CPPE warns of cargo diversion, smuggling over high exchange rate

Onwubuke Melvin
Onwubuke Melvin

The Centre for the Promotion of Private Enterprise has apprised that Nigeria risks losing cargoes to neighbouring countries over a high exchange rate for import duties collection by the Nigerian Customs Service.

This was disclosed in a statement signed by the Director/Chief Executive Officer of CPPE, Dr. Muda Yusuf, according to Nairametrics.

CPPE lamented the impact of the high exchange rate for import duties collection on businesses and the cost of living in the country.

According to the statement, the risk of cargo berthing in neighboring nations could have a severe effect on the federal government’s drive to generate revenue

The statement reads, “The high and volatile exchange rate for import duty assessment is fuelling the already high inflation, increasing production and operating costs for manufacturers and other businesses, worsening the cost-of-living crisis, putting maritime sector jobs and investments at risk and weakening investors’ confidence. There is also the added heightened risk of cargo diversion to neighbouring countries and smuggling which could jeopardize the realization of customs revenue target.”

The Nigeria Customs Service recorded a decrease in cargo throughput in the first half of the year, despite stating a 127% gain in revenue during that same period.

The CPPE pleaded with the President to issue an Executive Order setting the customs duty exchange rate at N1000/$ for the ensuing six months. It stated that the suggestion is in line with the federal government’s ongoing initiatives to lessen the difficulties that individuals and companies are facing.

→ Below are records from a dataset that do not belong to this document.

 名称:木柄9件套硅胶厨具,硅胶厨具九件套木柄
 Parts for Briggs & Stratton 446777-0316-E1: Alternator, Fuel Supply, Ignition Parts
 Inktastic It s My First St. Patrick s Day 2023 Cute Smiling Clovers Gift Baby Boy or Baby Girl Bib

It noted that the Organized Private Sector (OPS) strongly backed this strategy, and even the Presidential Committee on Fiscal Policy and Tax Reforms had made a similar proposal.

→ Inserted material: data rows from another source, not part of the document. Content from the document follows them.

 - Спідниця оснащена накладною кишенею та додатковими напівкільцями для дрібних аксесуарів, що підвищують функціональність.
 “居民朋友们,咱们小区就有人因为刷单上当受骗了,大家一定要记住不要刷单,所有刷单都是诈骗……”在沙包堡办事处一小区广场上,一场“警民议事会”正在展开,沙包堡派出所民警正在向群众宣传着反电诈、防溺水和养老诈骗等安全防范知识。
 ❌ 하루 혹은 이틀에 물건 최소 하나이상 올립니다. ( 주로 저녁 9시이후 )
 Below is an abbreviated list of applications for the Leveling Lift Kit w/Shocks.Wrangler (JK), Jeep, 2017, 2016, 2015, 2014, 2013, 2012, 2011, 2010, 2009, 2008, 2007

It warned the customs duty exchange rate on the Nigeria Customs Service portal stands at N1578/$, a rate that has been changing almost weekly and is detrimental to the investment climate.

Also, the centre raised two concerns on foreign exchange policy and the other related to trade policy. It argued that the Central Bank of Nigeria’s role should conclude with the opening of Form M for importers within the framework of the existing foreign exchange policy

It added that matters involving international trade should fall under the jurisdiction of the Federal Ministry of Finance and the Federal Ministry of Trade and Investment, as these institutions are legally responsible for trade policy.